__INPUT FOR THIS TASK__
====================

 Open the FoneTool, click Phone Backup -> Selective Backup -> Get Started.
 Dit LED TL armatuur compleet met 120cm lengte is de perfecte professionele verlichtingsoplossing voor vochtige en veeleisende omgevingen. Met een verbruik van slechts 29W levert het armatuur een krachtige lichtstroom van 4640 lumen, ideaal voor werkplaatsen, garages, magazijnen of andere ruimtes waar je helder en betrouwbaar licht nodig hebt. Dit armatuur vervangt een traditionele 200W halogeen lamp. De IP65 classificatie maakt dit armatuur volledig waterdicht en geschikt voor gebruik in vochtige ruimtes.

====================

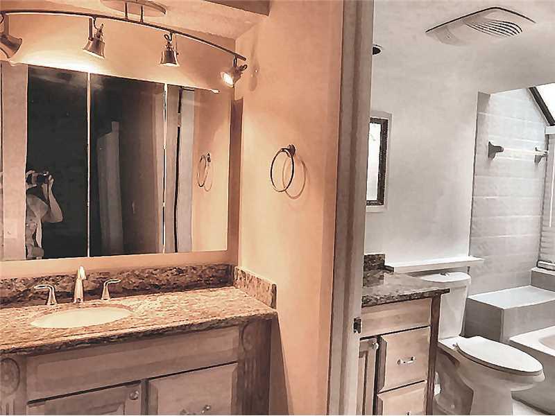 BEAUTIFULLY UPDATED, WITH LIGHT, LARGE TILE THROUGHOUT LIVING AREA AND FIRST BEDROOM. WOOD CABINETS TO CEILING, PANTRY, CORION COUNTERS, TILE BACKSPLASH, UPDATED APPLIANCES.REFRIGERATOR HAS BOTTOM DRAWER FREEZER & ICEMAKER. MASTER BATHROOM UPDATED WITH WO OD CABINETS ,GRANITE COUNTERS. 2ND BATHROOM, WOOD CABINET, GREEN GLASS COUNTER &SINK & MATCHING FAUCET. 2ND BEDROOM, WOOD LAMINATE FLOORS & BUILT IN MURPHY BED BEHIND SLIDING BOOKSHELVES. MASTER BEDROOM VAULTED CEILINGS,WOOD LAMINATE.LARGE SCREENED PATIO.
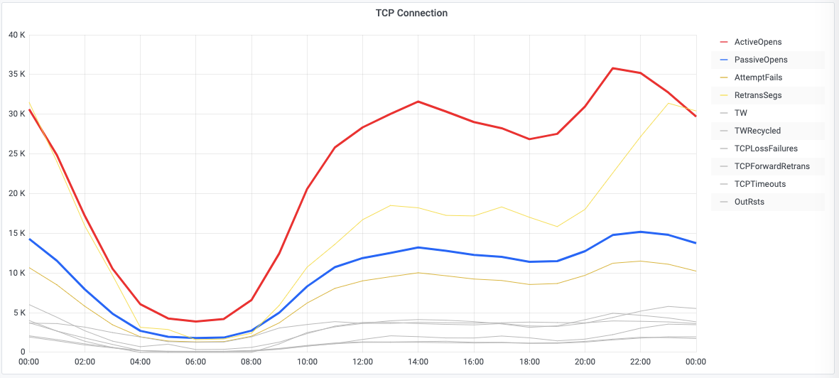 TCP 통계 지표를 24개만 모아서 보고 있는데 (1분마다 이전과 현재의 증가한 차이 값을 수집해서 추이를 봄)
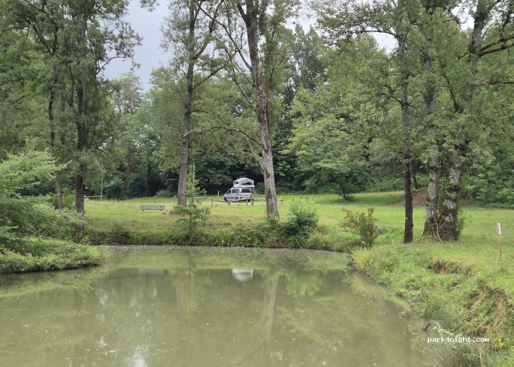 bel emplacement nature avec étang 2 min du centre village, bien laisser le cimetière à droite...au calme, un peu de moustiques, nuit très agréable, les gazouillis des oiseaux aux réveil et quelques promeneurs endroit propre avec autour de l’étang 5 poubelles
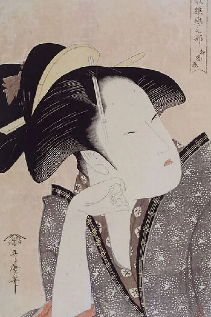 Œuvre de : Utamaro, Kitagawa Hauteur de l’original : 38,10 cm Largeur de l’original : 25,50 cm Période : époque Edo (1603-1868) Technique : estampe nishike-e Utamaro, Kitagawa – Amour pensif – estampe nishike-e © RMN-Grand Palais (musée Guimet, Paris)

====================

__YOUR TASK__
Within the listing above, print exactly the stretch beginning at the line that contains "bel emplacement nature" and finishing at the line that contains "Œuvre de : Utamaro, Kitagawa", ends kept, pictures left out, and nothing more.

__ANSWER FOR THE TASK__
 bel emplacement nature avec étang 2 min du centre village, bien laisser le cimetière à droite...au calme, un peu de moustiques, nuit très agréable, les gazouillis des oiseaux aux réveil et quelques promeneurs endroit propre avec autour de l’étang 5 poubelles
 Œuvre de : Utamaro, Kitagawa Hauteur de l’original : 38,10 cm Largeur de l’original : 25,50 cm Période : époque Edo (1603-1868) Technique : estampe nishike-e Utamaro, Kitagawa – Amour pensif – estampe nishike-e © RMN-Grand Palais (musée Guimet, Paris)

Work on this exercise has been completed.